On 11/22/06, Nancy Tobi <> wrote:

In case anyone has not yet seen Gideon/Thiessan's proposal:
John and Ellen's proposals leave U.S. elections wide open to
outcome-altering tampering and errors, just like the former Holt bill that
they supported.

While I heartily agree with the aims and intentions of Ellen and John, and
agree with many of their proposals, several of their proposals are either
unconstitutional, virtually impossible, or would unnecessarily waste
taxpayer dollars on junk technology; and their proposals are wholly
insufficient to detect and correct vote miscounts that could wrongly alter
election outcomes.

Specifically, I have problems with these provisions:

#2 disclosed software means that voting system experts would not be allowed
to look at the software. The software, for many reasons, needs to be
required to be "open source" software, not "disclosed" software. Most
experts would not be able to review or help modify and improve 'disclosed
software'. Much of the software we use now is already 'disclosed' software
and you see how little good that has done. Consult with The Open Voting
Consortium for more information on this.

#3 while I agree 100% that electronic ballot voting systems should be
instantly dumped, it is a violation of the US constitution to mandate
particular voting systems which is why the 2002 HAVA law did not mandate any
particular voting equipment, but rather only provided funding for certain
types of voting equipment, including unfortunately DREs. If you want to
eliminate DREs, you must only fund paper ballot systems, not outlaw DREs.

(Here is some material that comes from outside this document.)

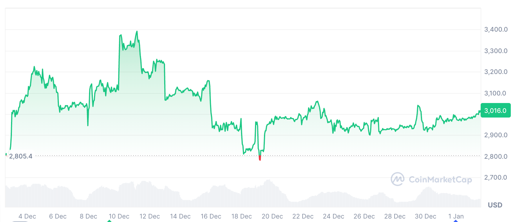 Ether (ETH) cerró el 31 de diciembre cotizando a unos 2.980 dólares, alrededor de un 13,7 % menos que al comienzo del año, según CoinMarketCap.
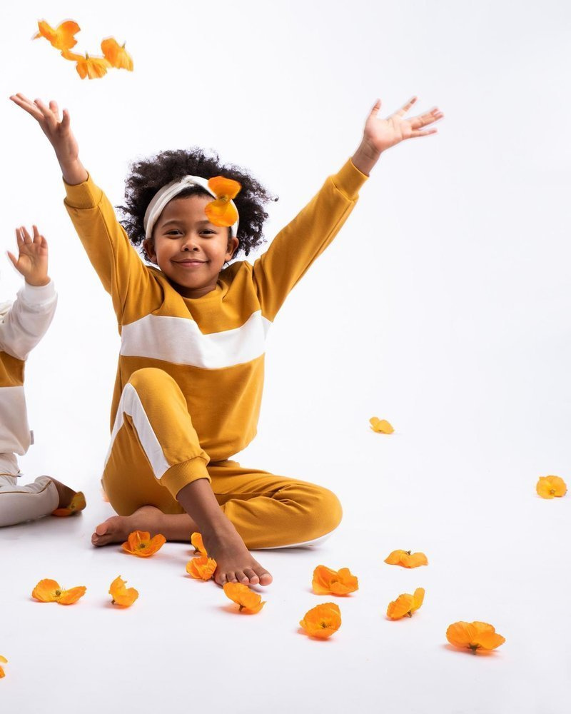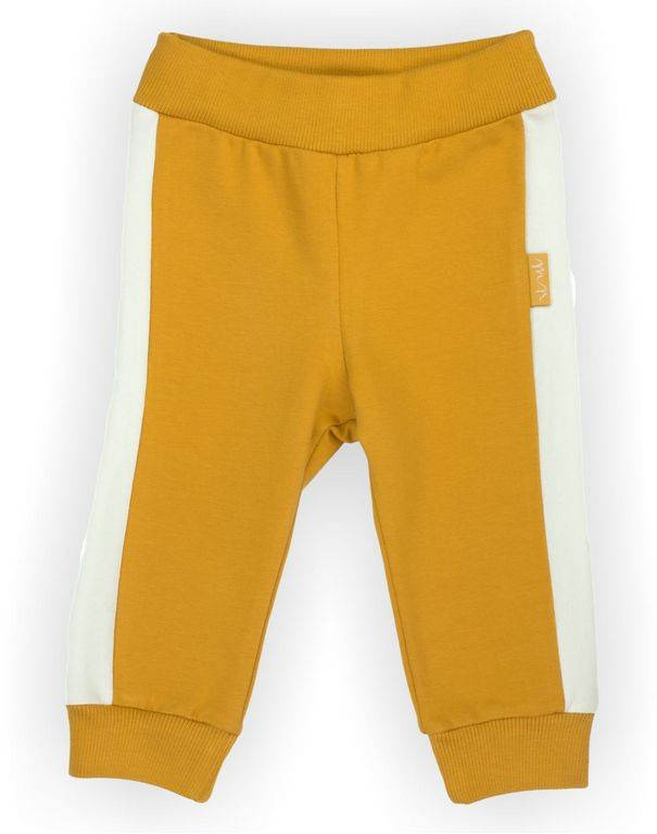 Spodnie uszyte z musztardowej bawełny dresowej z domieszką elastanu, co powoduje, że materiał nie odkształca się, a zarazem jest miły w dotyku. W pasie posiadają wygodną gumkę nie uciskającą brzuszka. Ubranko zdobią kremowe lampasy, które zostały wszyte po bokach. Nogawki zostały zakończone ściągaczami pod kolor.

#5 providing funds to convert DREs to ballot printers is a ludricrous
unconscienable waste of funds because current DRE cases, stands, ports, etc.
are not suitable for converting to ballot printers; and providing a
computerized device for each voter is unnecessary and expensive and wastes
invaluable administrative time for election officials. It would be far less
expensive to simply provide funds to provide one ballot printer or ballot
creation assist device per polling location for the disabled to use and
allow the rest of us to fill out paper ballots by hand. Current DREs are
not suitable for conversion to ballot printers.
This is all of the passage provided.